A research partnership between Mentis Care and Emory University is exploring whether transformer-based AI models can interpret EEG data across both hospital and wearable systems.
The Push for Neurological Monitoring Beyond Hospitals
Across the UK health and social care system, there is growing interest in technologies that allow long-term conditions to be monitored outside hospitals. Remote monitoring is already used for heart failure, diabetes and respiratory disease, but neurological conditions have proved far harder to track in everyday environments.
Epilepsy illustrates the challenge. The condition affects around 50 million people worldwide and many patients still struggle to achieve stable seizure control. Monitoring typically takes place in specialist clinical settings using electroencephalography (EEG), meaning treatment decisions are often based on limited data captured during short hospital visits.
A new research collaboration between Mentis Care and Emory University aims to address that gap by developing artificial intelligence capable of interpreting EEG signals across both clinical systems and simplified wearable devices.
The two-year programme will focus on creating a transformer-based “foundation model” designed to detect and potentially predict seizures using a wide range of EEG configurations.
Difficulty Moving EEG to Everyday Care
EEG measures the electrical activity of the brain through electrodes placed on the scalp. In clinical environments this often involves more than 20 electrodes arranged according to a standard configuration.

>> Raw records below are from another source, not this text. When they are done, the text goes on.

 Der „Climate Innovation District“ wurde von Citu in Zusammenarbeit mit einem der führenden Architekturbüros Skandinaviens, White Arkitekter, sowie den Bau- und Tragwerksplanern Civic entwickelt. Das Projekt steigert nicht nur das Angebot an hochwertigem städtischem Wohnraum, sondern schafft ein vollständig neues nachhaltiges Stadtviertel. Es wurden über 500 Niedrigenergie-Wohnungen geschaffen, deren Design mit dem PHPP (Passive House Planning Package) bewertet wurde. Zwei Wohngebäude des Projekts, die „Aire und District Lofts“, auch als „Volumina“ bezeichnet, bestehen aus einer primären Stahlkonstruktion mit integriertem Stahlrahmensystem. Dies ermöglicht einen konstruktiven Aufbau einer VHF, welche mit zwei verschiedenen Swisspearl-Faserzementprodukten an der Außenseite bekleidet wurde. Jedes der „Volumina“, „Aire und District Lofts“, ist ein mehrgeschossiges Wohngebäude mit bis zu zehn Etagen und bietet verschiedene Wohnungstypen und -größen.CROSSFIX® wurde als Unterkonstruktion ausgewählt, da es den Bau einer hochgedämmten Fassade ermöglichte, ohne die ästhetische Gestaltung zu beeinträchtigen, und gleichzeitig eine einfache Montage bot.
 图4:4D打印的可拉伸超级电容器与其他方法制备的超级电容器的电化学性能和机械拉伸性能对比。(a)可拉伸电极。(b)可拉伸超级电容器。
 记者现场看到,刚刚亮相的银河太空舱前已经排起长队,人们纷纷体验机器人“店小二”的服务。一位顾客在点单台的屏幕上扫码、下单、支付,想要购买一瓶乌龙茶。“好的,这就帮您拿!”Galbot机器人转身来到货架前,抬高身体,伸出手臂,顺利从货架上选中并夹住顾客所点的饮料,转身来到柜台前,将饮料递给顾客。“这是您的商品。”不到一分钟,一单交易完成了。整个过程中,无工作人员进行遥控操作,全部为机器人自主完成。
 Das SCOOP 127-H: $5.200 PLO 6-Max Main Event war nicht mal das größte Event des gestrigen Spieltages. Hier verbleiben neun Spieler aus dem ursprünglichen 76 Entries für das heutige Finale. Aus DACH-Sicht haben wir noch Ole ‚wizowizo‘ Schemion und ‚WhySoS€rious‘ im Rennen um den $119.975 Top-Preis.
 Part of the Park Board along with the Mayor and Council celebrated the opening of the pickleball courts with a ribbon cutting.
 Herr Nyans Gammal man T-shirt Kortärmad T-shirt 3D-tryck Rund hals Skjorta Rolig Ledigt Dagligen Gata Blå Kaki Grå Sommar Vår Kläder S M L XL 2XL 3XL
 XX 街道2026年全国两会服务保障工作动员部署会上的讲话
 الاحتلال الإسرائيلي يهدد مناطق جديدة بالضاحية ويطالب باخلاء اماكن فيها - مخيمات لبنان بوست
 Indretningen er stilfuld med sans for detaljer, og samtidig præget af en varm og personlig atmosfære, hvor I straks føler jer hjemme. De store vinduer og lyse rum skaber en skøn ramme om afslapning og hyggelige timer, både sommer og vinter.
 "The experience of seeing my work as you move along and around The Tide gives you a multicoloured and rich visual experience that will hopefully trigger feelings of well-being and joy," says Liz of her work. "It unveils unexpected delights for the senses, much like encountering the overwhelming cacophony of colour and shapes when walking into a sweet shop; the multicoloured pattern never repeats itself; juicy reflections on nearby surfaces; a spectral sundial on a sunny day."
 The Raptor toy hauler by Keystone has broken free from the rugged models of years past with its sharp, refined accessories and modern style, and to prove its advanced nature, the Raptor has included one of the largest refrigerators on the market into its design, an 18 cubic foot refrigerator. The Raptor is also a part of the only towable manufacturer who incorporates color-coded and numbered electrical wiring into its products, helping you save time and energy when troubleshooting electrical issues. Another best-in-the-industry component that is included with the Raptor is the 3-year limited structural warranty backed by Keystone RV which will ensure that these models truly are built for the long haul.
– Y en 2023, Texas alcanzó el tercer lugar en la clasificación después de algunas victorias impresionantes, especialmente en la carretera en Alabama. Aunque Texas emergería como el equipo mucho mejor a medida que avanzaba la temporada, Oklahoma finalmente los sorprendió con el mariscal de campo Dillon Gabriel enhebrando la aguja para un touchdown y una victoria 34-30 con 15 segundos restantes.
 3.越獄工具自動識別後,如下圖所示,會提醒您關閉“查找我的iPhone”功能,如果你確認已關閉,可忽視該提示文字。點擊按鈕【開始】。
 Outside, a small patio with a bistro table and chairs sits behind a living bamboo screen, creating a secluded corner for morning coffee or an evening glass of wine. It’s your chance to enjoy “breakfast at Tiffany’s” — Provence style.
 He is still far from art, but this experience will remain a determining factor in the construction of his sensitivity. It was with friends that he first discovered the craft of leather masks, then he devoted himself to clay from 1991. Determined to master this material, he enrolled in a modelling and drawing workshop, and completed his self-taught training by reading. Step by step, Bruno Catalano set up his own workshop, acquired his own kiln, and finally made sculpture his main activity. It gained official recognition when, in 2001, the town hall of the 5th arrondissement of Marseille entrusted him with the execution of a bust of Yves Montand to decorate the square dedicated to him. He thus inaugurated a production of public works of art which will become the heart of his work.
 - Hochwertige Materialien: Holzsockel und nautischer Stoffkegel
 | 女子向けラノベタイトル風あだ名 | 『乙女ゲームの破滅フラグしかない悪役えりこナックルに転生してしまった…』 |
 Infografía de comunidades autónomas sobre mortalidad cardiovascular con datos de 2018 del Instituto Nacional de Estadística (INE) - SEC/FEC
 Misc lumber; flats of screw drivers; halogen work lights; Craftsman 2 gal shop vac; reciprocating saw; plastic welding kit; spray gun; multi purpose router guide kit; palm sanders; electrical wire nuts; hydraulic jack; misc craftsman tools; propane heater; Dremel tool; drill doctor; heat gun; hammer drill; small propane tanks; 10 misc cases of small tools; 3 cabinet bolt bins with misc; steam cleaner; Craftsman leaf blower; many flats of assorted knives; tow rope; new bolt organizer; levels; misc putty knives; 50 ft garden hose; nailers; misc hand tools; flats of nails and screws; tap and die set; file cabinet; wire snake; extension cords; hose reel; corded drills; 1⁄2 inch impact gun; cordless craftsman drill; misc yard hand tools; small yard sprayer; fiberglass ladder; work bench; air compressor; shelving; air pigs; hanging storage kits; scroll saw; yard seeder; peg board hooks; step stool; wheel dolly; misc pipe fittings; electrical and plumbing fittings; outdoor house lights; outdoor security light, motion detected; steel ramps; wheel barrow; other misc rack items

Such systems provide highly detailed information but are impractical for long-term use outside hospital settings. Wearable EEG devices typically use far fewer sensors, which can reduce signal quality and make automated detection more difficult.
Another challenge is signal noise. Everyday activities such as touching the scalp, moving, or adjusting electrodes can generate electrical patterns that resemble seizure activity.
These factors have historically limited attempts to create reliable home-based seizure monitoring tools.
The research programme led by Dr Samaneh Nasiri at Emory’s School of Medicine aims to address this by developing what researchers describe as a “channel-agnostic” AI model. Instead of relying on a fixed number of electrodes, the model is designed to adapt to different EEG configurations while maintaining performance.
Dr Nasiri said advances in AI architecture are opening new possibilities for analysing brain signals.
“Foundation models are redefining what’s possible in healthcare, and nowhere is that more apparent than in seizure detection. By adapting across channel configurations, they enable high-performance detection even in reduced-channel wearable formats.”
Relevance for Digital Health and Community Care
While the project is being conducted in the United States, the underlying technology reflects wider global trends in digital health.
Health systems, including the NHS, are increasingly exploring remote monitoring tools to support people with long-term conditions in their homes and communities. The NHS Long Term Plan highlights digital monitoring as a way to reduce hospital admissions and enable more proactive care.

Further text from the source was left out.